While this format is easy to read and interpret by humans, it is not the most efficient format for analysis, especially when it comes to visualisations or statistical analyses using R, such as creating line charts or aggregating data by week.
Let’s say you want to chart the first 5 rows in ggplot
to examine the rating of tracks over time. How would you do that? In ggplot
line charts, you need to have a x
and y
variable. Do we have this in our dataset? No. So, how do we fix this?
If you were thinking in an “Excel-way”, you might:
- Extracted the first 5 rows
- Selected specific columns and drop unwanted ones
- Flipped the data (transpose the table)
- Convert the transpost data into a data frame
- Fixed the column names so the first row becomes the column headers
- Remove the first row (which now contains column names)
- Use row names as a new column (for week information)
- Plot
# Extract the first 5 rows
billboard_small <- head(billboard, 5)
billboard_chart <- billboard_small %>%
# Let's just keep the columns we want, and drop artist name and date
dplyr::select(-c(artist, date.entered)) %>%
# Let's flip the data so the weeks are row names, not column names
t() %>%
# And make it back into a data frame
data.frame()
# The column names are wrong now, so let's move them up from the top row
colnames(billboard_chart) <- billboard_chart[1,]

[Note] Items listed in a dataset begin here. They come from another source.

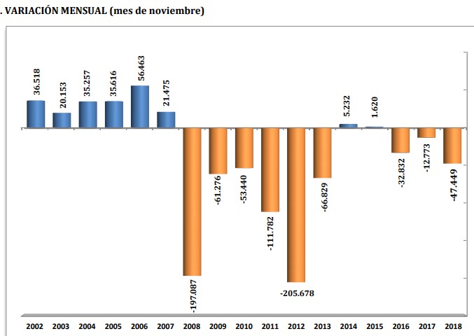 La Seguridad Social perdió una media de 47.449 afiliados (-0,25%) con respecto a octubre, hasta situarse en un total de 18.945.624 ocupados. Se trata del peor dato desde noviembre de 2013, cuando la economía nacional salió de la recesión. En los dos años anteriores, la afiliación también bajó en noviembre, aunque en menor cantidad. Así, en 2016 se redujo en 32.832 personas y en 2017, en 12.773 cotizantes. Por contra, en 2015 y 2014 se registraron aumentos después de un periodo (2008-2013) de fuertes descensos de la ocupación.
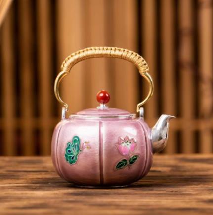 七宝烧蝶恋花小提梁泡茶壶
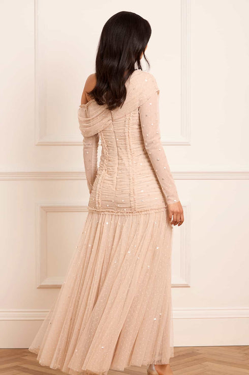 The Gigi Dot One-Shoulder Rouched Gown in Beige. A sculptural yet soft silhouette featuring delicate dotted tulle. The one-shoulder bodice is detailed with gentle ruching, while the skirt flows with subtle volume. An elegant choice for elevated evening events.

# And then let's get rid of that useless first row
billboard_chart <- billboard_chart[-1,]
# And let's use those row names as a column
billboard_chart$week <- row.names(billboard_chart)
# Now we can plot a chart of one column against week!
# It's an ugly bar chart because it doesn't even work as a line chart
ggplot(billboard_chart, aes(x = week, y = `Kryptonite`))+
geom_bar(stat = "identity")
This approach works, but it is not efficient and feels more like working in Excel, where each step requires manual manipulation. You needed to switch from the tidyverse to base R halfway through because the tidyverse does not offer the necessary functions. If you wanted to analyse another artist, you would have to redo everything, and you have not even added the other tracks to the chart yet. It can become exhausting and frustrating, making you wish you could just do this in Excel. There are also many issues with the chart that make it difficult to interpret and visualise properly.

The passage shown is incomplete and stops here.